图6.5 双荧光素酶报告基因检测系统示意图


技术应用


通过miRNA靶标的鉴定从而进行miRNA功能的深入研究EBET易博真人|平台。


实验流程




实物

数据信息

实验周期

客户提供

miRNA序列信息及靶点信息

10周

我们提供

质粒EBET易博真人|平台、菌株

基本实验步骤EBET易博真人|平台EBET易博真人|平台、测序报告、EXCEL原始数据



实验结果展示


图 1 hsa-miR-9-1 的靶点筛选结果
1)四组质粒的 293 细胞共转染后的细胞照片EBET易博真人|平台;2)四组细胞的双荧光素酶报告基因检测柱形图。
注:WT为野生型3'UTR 区的萤火虫荧光素酶报告基因质粒,Mut为突变型3'UTR 区的萤火虫荧光素酶报
告基因质粒EBET易博真人|平台EBET易博真人|平台,结果表明待研究的 miRNA 对靶基因有较明显的调控作用EBET易博真人|平台。


TROUBLESHOOTING

实验问题

原因

推荐解决方法

发光检测值过低EBET易博真人|平台EBET易博真人|平台EBET易博真人|平台?

荧光素酶表达多低

注意调整细胞状态EBET易博真人|平台EBET易博真人|平台EBET易博真人|平台、转染条件、转染量EBET易博真人|平台EBET易博真人|平台EBET易博真人|平台,提高发光值EBET易博真人|平台EBET易博真人|平台。

检测试剂

避免反复冻融以及保存时间过长。

发光检测值过高?

荧光素酶表达过高

建议通过降低转染量或减少检测体积等降低发光。


常见问题FAQ


Q :有哪些数据库可对miRNA的靶基因进行预测分析EBET易博真人|平台EBET易博真人|平台EBET易博真人|平台EBET易博真人|平台?

A :根据miRNA 5‘ 端2-8个核苷酸可与靶mRNA 3‘ UTR区完全互补这一特点,结合miRNA与靶基因形成二聚体的热力学稳定性和二级结构进行分析,有如下数据库的预测分析结果可供参考:


miRNA靶基因预测方法

检测范围

算法特点

miRanda


人EBET易博真人|平台,果绳EBET易博真人|平台EBET易博真人|平台,斑马鱼


序列匹配EBET易博真人|平台EBET易博真人|平台,双链结合自由能EBET易博真人|平台,物种间保守性

TargetScan

/TargetScanS

人,小鼠,大鼠EBET易博真人|平台EBET易博真人|平台EBET易博真人|平台,狗EBET易博真人|平台,鸡EBET易博真人|平台,蛙,黑猩猩EBET易博真人|平台,恒河猴EBET易博真人|平台,牛EBET易博真人|平台,负鼠

提出“miRNA种子区”的概念

RNAhybrid

哺乳动物

快速准确计算miRNA-mRNA二聚体自由能

DIANA-microT

人EBET易博真人|平台EBET易博真人|平台,小鼠,大鼠EBET易博真人|平台,果绳

考虑miRNA调控单个靶位

点的情况

PicTar

脊椎动物

区分“完全匹配种子区”与“不完全匹配种子区”

RNA22

哺乳动物

不考虑保守性EBET易博真人|平台,由mRNA入手预测相miRNA



Q :荧光素酶报告基因有哪些特点EBET易博真人|平台?有哪些应用?

A :在荧光素酶的催化下EBET易博真人|平台EBET易博真人|平台,荧光素可被氧化并释放光子EBET易博真人|平台EBET易博真人|平台,可用荧光检测仪对荧光定量测定EBET易博真人|平台EBET易博真人|平台。
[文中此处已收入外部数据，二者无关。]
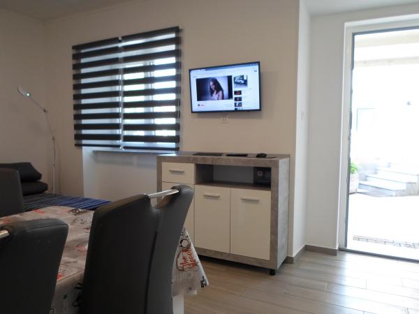 Le plus bel appartement à ce jour, meublé de façon moderne, avec deux chambres à coucher (grands lits confortables et grands placards, yogis confortables), la salle de bain a une machine à laver, la cuisine a aussi beaucoup d'équipement (presque plus qu'à la maison) et un lave-vaisselle. Tous les produits de nettoyage à côté de la vaisselle, du lave-vaisselle et du lave-linge. Propriétaires super sympas - ont acheté un cadeau pour un fils qui avait son anniversaire à cette époque. L'appartement est à quelques pas de la magnifique plage, mais tellement loin qu'il n'y a pas d'agitation. apporté à la terrasse. À 5 minutes se trouvent des restaurants, des pâtisseries avec les meilleures glaces, des stands, mais il n'y a pas ... (Njivice) sont la loi - nous recommandons :)
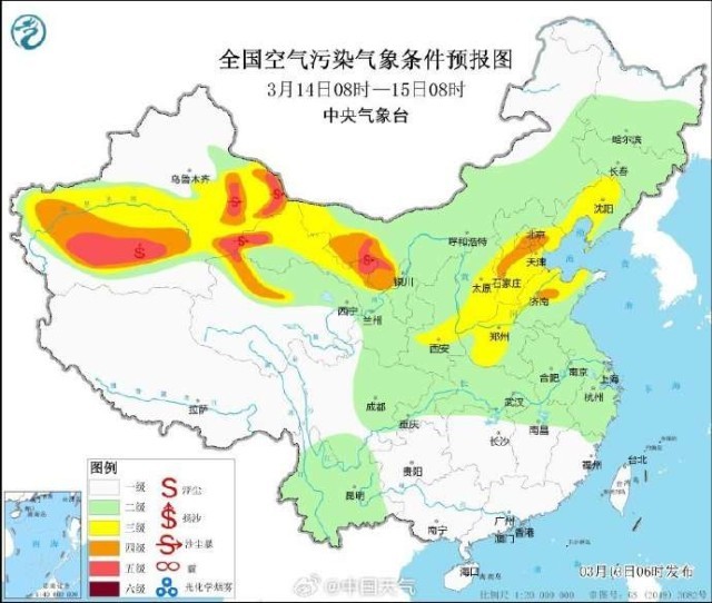 據(jù)中央氣象臺預(yù)報,14日至17日,受冷空氣大風影響,西北地區(qū)大部、華北等地自西向東有一次沙塵天氣過程。這將是今春首場沙塵天氣,也是今年來第二輪沙塵過程,上一次還是春節(jié)假期結(jié)束后的寒潮所帶來的強沙塵暴過程(2月17日-2月20日)。
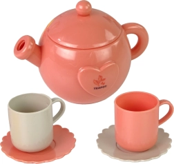 U pakiranju ćete pronaći sve za stilsko posluživanje: 2 šalice, 2 tanjurića, čašu, žličicu i simpatične dekoracije – jagodu, limun i čajnik. Zahvaljujući kompaktnim dimenzijama, set je lako prenosiv i odlično pristaje u dječju sobu.
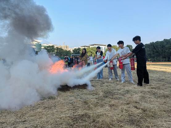 在做好防护措施的情况下,师生员工正确使用灭火器对模拟火情进行了实战扑灭演练。
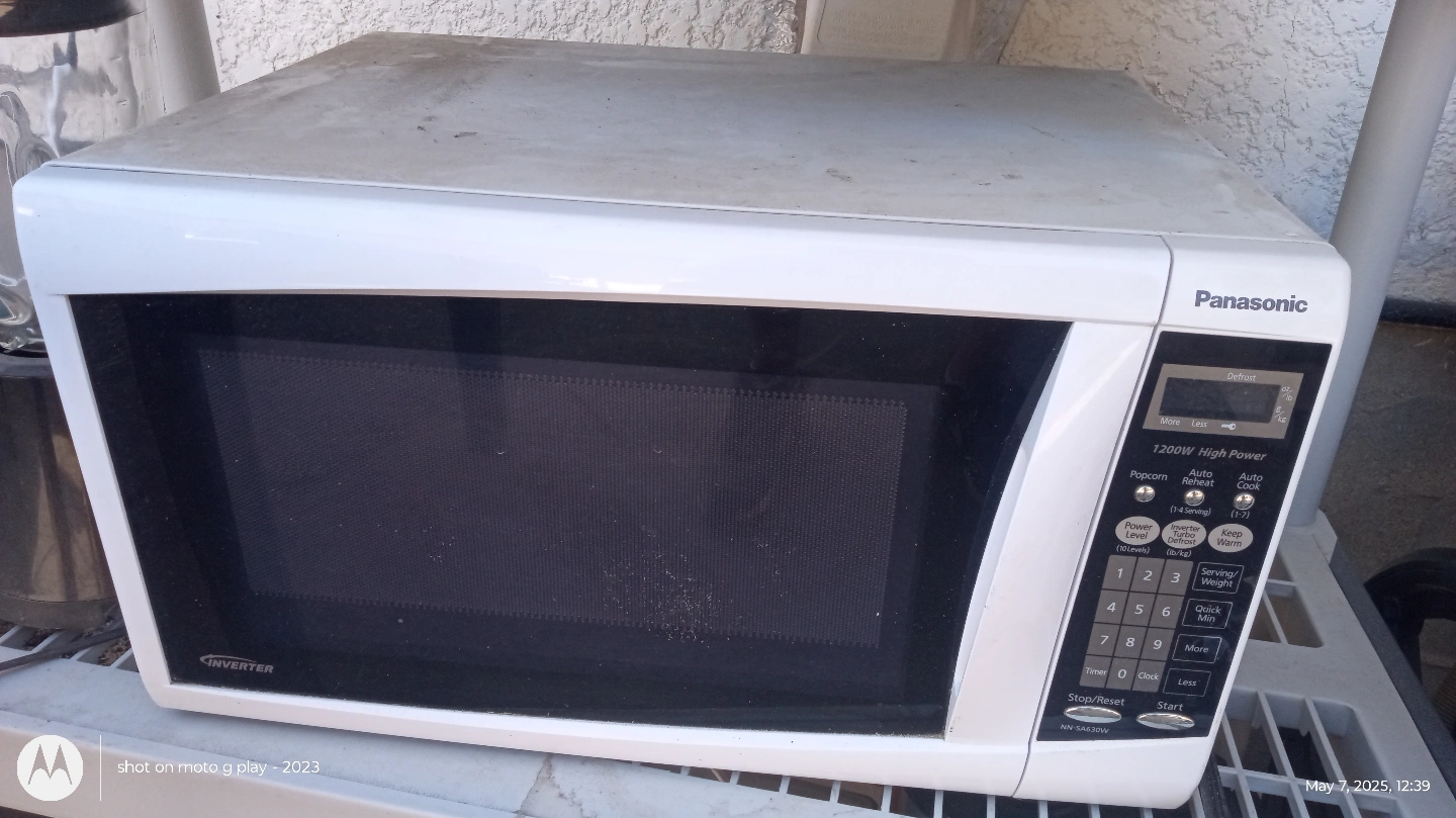 White Panasonic microwave. 1200W high power. Features auto cook, reheat, popcorn, and defrost functions. Inverter technology. Number pad and various settings.

荧光素酶检测系统具有非放射性EBET易博真人|平台EBET易博真人|平台,灵敏度高的特点EBET易博真人|平台。荧光素酶咋哺乳动物细胞中的半衰期为3小时EBET易博真人|平台,半衰期短不发生积累,故调控元件的改变会即时导致荧光素酶活性的改变EBET易博真人|平台EBET易博真人|平台,可进行快速方便的分析EBET易博真人|平台。我们把感兴趣的基因转录的调控元件克隆在荧光素酶报告基因的上游或下游,构建成报告基因质粒EBET易博真人|平台,即可进行启动子、增强子的活性研究EBET易博真人|平台EBET易博真人|平台EBET易博真人|平台,miRNA的靶点筛选工作EBET易博真人|平台。
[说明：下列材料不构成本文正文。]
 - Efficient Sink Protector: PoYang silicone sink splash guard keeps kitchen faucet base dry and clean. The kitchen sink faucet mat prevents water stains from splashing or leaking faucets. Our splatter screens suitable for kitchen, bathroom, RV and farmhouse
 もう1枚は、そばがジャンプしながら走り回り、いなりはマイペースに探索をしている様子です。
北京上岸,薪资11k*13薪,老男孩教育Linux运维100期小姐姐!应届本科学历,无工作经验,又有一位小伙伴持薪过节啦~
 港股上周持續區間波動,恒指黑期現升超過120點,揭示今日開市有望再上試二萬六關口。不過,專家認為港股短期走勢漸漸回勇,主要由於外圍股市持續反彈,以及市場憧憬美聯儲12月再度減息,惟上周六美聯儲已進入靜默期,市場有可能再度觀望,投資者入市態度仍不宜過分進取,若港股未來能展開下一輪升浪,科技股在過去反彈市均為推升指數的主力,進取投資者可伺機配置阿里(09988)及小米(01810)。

Q :荧光素酶的发光波长是多少EBET易博真人|平台?

A :萤火虫荧光素酶催化luciferin发光的最强发光波长为560nmEBET易博真人|平台EBET易博真人|平台。海肾荧光素酶催化coelenterazine发光的最强发光波长为465nmEBET易博真人|平台EBET易博真人|平台。


Q :荧光素酶检测系统需要制备标准曲线吗?

A :一般不需作标准曲线EBET易博真人|平台。荧光素酶检测系统用于比较样品的相对活性EBET易博真人|平台。


Q:双荧光素酶报告基因系统有何优点?

A:在双荧光素酶报告基因测试中,将萤火虫荧光素酶作为实验报告基因,海肾荧光素酶作为对照报告基因EBET易博真人|平台。实验报告基因用于测试实验条件下基因的表达,而对照报告基因作为内对照,以使实验报告基因测试的结果归一化EBET易博真人|平台。作归一化可消除实验过程中减弱实验准确度的变化,如培养细胞的数量EBET易博真人|平台、细胞转染及裂解的效率等。
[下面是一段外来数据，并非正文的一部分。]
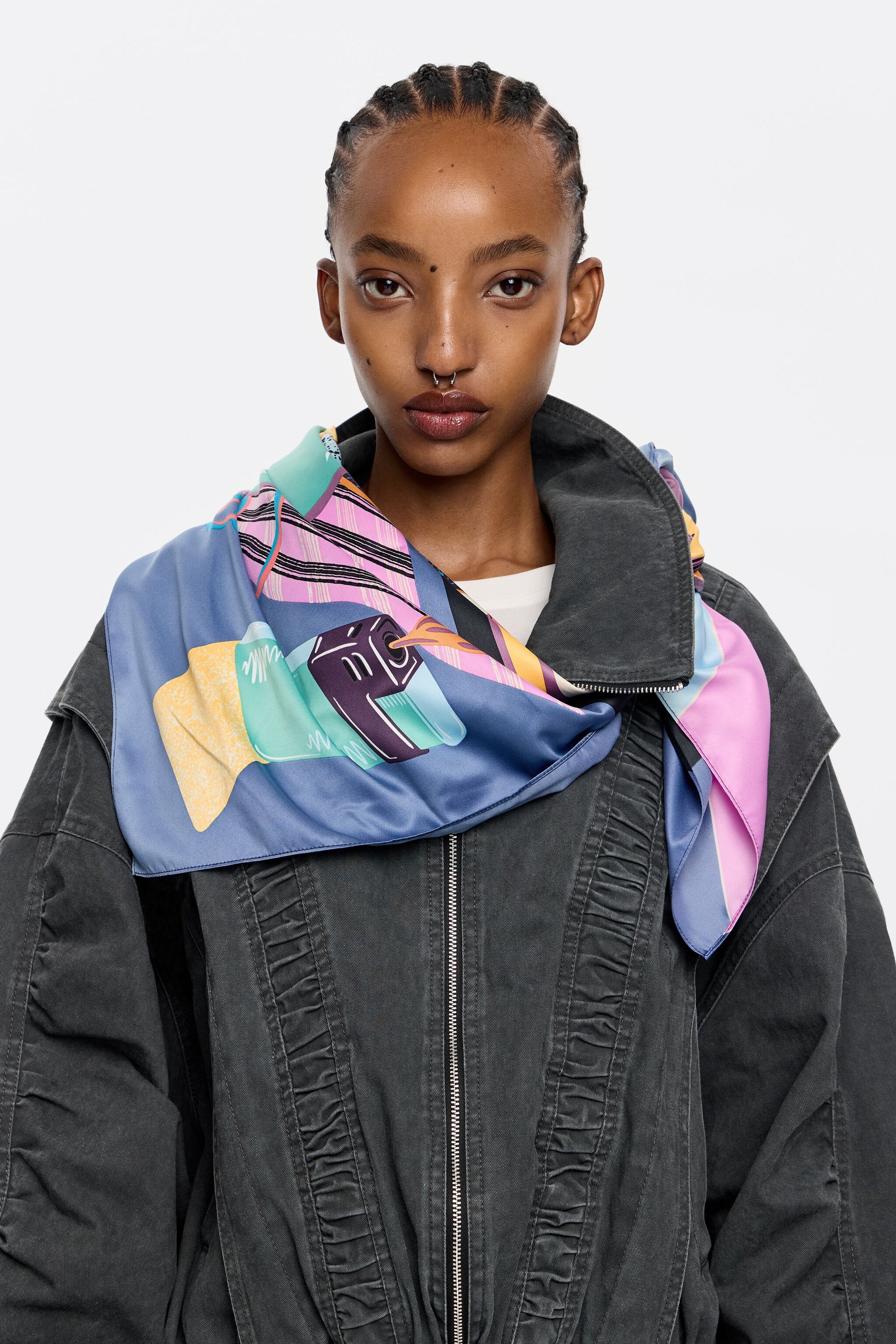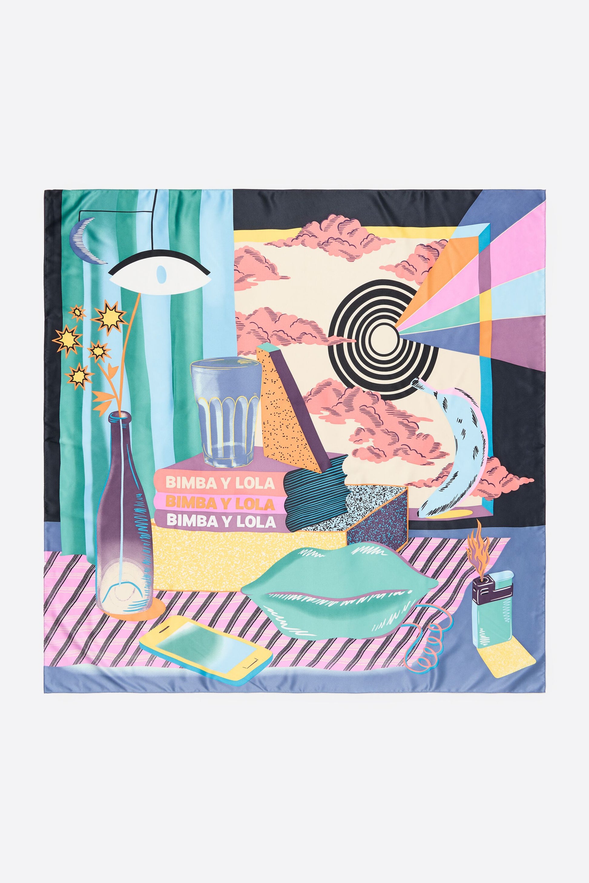 Scarf with surrealist still-life print on an aquamarine background.
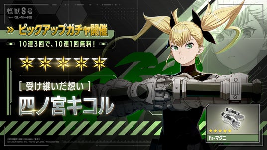 株式会社アカツキゲームス(本社:東京都品川区、代表取締役:戸塚 佑貴、株式会社アカツキ100%子会社)は、東宝株式会社(本社:東京都千代田区、代表取締役社長:松岡 宏泰)、株式会社プロダクション・アイジー(本社:東京都武蔵野市、代表取締役社長:和田 丈嗣)との共同プロジェクト『怪獣8号 THE GAME』において、このたびメインストーリー4章「ロンドン防衛作戦」の開幕にあわせて、★5キャラクター[オールマイティ]チェスター・ロックバーンおよび★5キャラクター[受け継いだ想い]四ノ宮キコルを新たに実装するとともに、待望のPC(Steam(R))版をリリースいたしました。
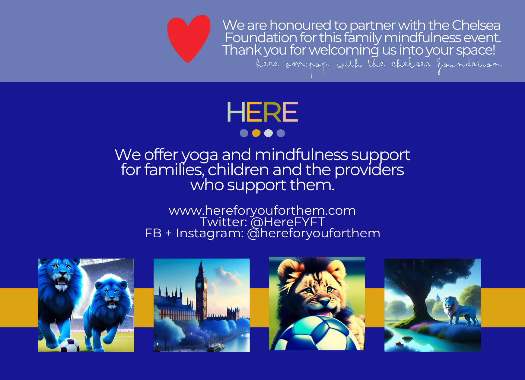 It is an honour to partner with the Chelsea Foundation little lions and lionesses to bring our Om:Pop mindfulness sessions to the families they support through their “Active Families” workshops. “The Chelsea FC Foundation is the world’s leading football social responsibility programme, using the power of football to motivate, educate and inspire.” They support communities and individuals in 125 towns and cities around the world, with over 300 staff, developing programmes for more than 800,000 participants.”

Q:荧光素酶报告基因与GFP的区别是什么EBET易博真人|平台?

名称

检测方法

应用

特点

GFP绿色荧光蛋白

显微镜下直接观察

转染效率的检测或融合目的蛋白EBET易博真人|平台,观察蛋白表达情况

方便直观

荧光素酶报告基因

细胞裂解后加入底物在荧光检测仪中进行测定

研究启动子的功能与调控


可准确定量




参考文献

1. Lee DY, Deng Z,Wang CH, et al.MicroRNA-378 promotes cell survival, tumor growth, and angiogenesis by targetingSuFu and Fus-1 expression.PNAS 2007,(104):20350-20355.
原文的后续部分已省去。